- Native to: China
- Region: Guizhou
- Native speakers: (180,000 cited 1995)
- Language family: Hmong–Mien HmongicWest HmongicHuishui Miao; ; ;

Language codes
- ISO 639-3: Variously: hmc – Central hme – Eastern hmi – Northern hmh – Southwestern
- Glottolog: huis1239

= Huishui Miao language =

Miao language of Guizhou, China

Huishui Miao, a.k.a. Huishui Hmong, is a Miao language of China. It is named after Huishui County, Guizhou, though not all varieties are spoken there. The endonym is Mhong, though it shares this with Gejia and it is simply a variant spelling of Hmong.

Huishui was given as a subgroup of Western Hmongic in Strecker (1987). Matisoff (2001) split it into four separate languages, and, conservatively, did not retain it as a group.

==Demographics==
Below is a list of Miao dialects and their respective speaker populations and distributions from Li (2018), along with representative datapoints from Wang (1985).

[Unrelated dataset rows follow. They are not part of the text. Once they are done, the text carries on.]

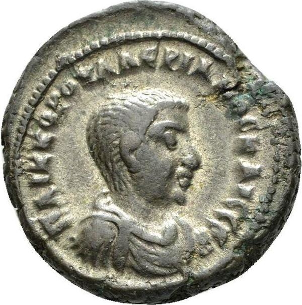 bare-headed, draped and cuirassed bust of Valerian II, right, seen from front |
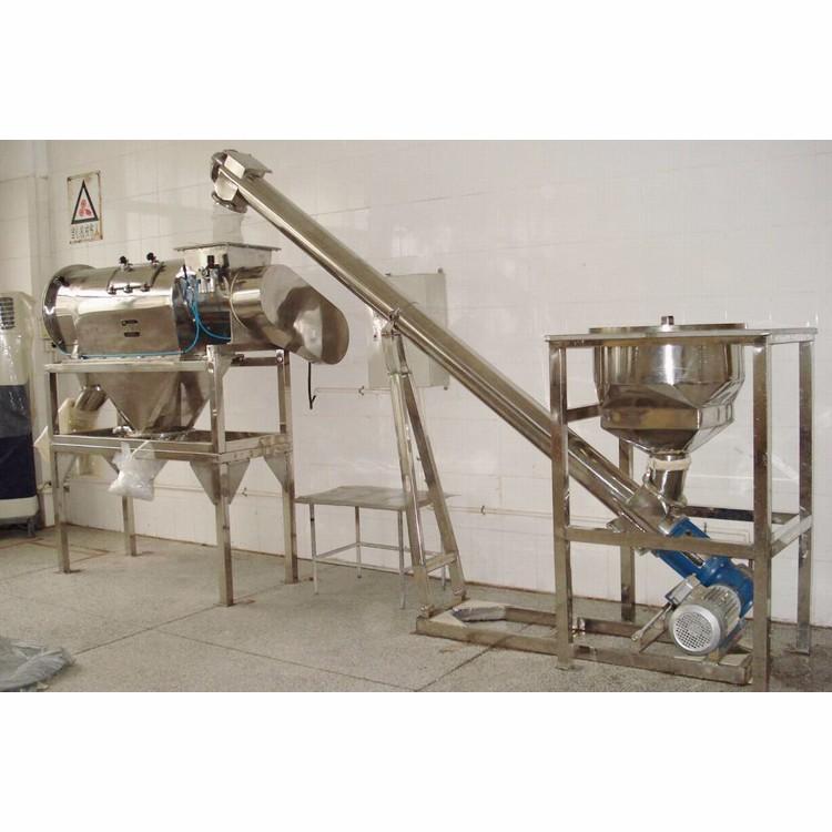 臥式氣流篩篩網為圓筒狀,置于機體內,物料通過螺旋輸送系統后,和氣流混合、霧化進入網筒內;通過網筒內風輪葉片使物料同時受離心力和旋風推進力,從而迫使物料噴射過網,由細料排出口排出,不能過網的物料沿網筒壁從粗料排出口排出。
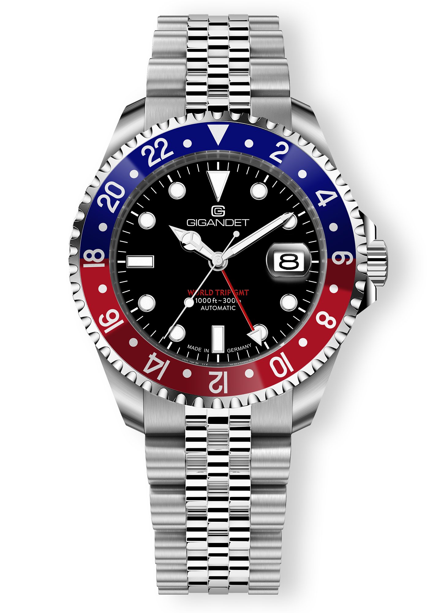 Besondere Merkmale | GMT, 2-farbige Lünette, Datumsanzeige, verschraubtes Band |

| Dialect | Speakers | Counties | Representative datapoint (Wang 1985) |
|---|---|---|---|
| North | 60,000 | Guiyang (including in Huaxi Gaopo 花溪区高坡乡), Longli, Guiding, Huishui | Jiading 甲定寨, Gaopo Township 高坡苗族乡, Guiyang City |
| Central | 40,000+ | Huishui, Changshun | Baijin Township 摆金乡, Huishui County |
| East | 10,000+ | Huishui, Pingtang | Xiguan Township 西关乡, Pingtang County |
| West | 50,000 | Huishui, Changshun | Yarong Township 鸭绒乡, Huishui County |

According to Sun (2017), the northern dialect of Huishui Miao is spoken in the following townships by a total of approximately 50,000 speakers.

- Guiyang City: Gaopo 高坡
- Huishui County: Yangchang 羊场
- Guiding County: Tangbao 塘堡, Pingfa 平伐, etc.